When the most recent annual count asked homeless people across Contra Costa what city they were in when they lost their permanent housing, 198 were from Richmond out of a total 807 in the county.62 No other city in the county had more homeless people who formerly called it home. Data on homelessness has limited reliability due to the lack of comprehensive surveys, but in a one-night survey, the surveyors documented 109 people experiencing homelessness in Richmond, including 57 percent who were sleeping outside. 

This annual survey has found the number of people homeless in Richmond decreasing in each of the last three years, from 356 in 2015, to 160 in 2016, to 109 in 2017.63 The Contra Costa survey found “a significant increase in central county and decrease in west county. Some of these trends may reflect a shift in the homeless population and/or the effectiveness of efforts adopted at the local level to address homelessness.” A recent estimate from the Richmond mayor and the police department put the Richmond homeless figure nearly eight times higher, at 800 individuals and 76 encampments.64 A recent investigation by a Contra Costa Grand Jury interviewed homeless service providers, who thought the number of homeless people at 20 to 50 percent higher than what the one-night survey found.65 

Children, LGBT youth, seniors, formerly incarcerated, and people with mental health conditions are disproportionately affected by homelessness

Some 160 children were encountered in homeless families during the county’s annual count, as well as 78 transition age youth (18-24 years old).66 LGBT youth experience homelessness at higher rates than non-LGBT youth for a range of reasons, related to sexuality and gender-based discrimination.67

The county also reports that “the County’s homeless population had a higher proportion of seniors and individuals with chronic or mental health conditions” than it did five years ago.68 

Self-reports by the 1,400 homeless individuals served by Rubicon’s West County Economic Empowerment Services between 2012 and 2016 show that 43 percent had been convicted of a crime and 39 percent had served time in prison or jail.
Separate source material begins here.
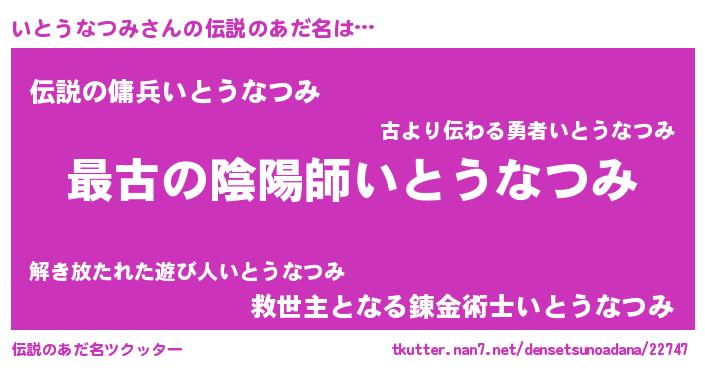 | ファンタジー風あだ名 | 『エターナルイトウナツミー』 |

County data shows similarly high rates of homeless who were previously incarcerated.69

Supportive housing programs are effective, but don't have necessary resources to place enough people in permanently affordable housing


Chart 12: Effective Rate of Rapid Rehousing and Supportive Housing Programs in Contra Costa Country, 2012-2016

The Rapid Re-housing and Supportive Housing programs in Contra Costa County have high rates of success in helping clients not return to homelessness, but are only able to serve a small portion of the people who are homeless. On average, Rapid Rehousing programs in the county over the last four years have placed clients in permanent housing 73 percent of the time, and helped them avoid homelessness 93 percent of the time. Permanent Supportive Housing programs have had an even higher success rate, with an average of 96 percent of clients retaining their housing.70 However, those two programs had only 218 beds and served about 1,000 people each last year, out of some 8,500 homeless people coming into contact with the county’s Continuum of Care system. The system as a whole has the most difficulty placing people in permanent housing. The chair of the county homeless council concluded that “the sluggish rate in the creation of affordable housing only means that homelessness, and the threat of homelessness, will continue.”71 GRIP, interviewed as one of the only transitional housing programs in Richmond, also reports that it has been highly difficult to move the families in their programs out into permanent housing.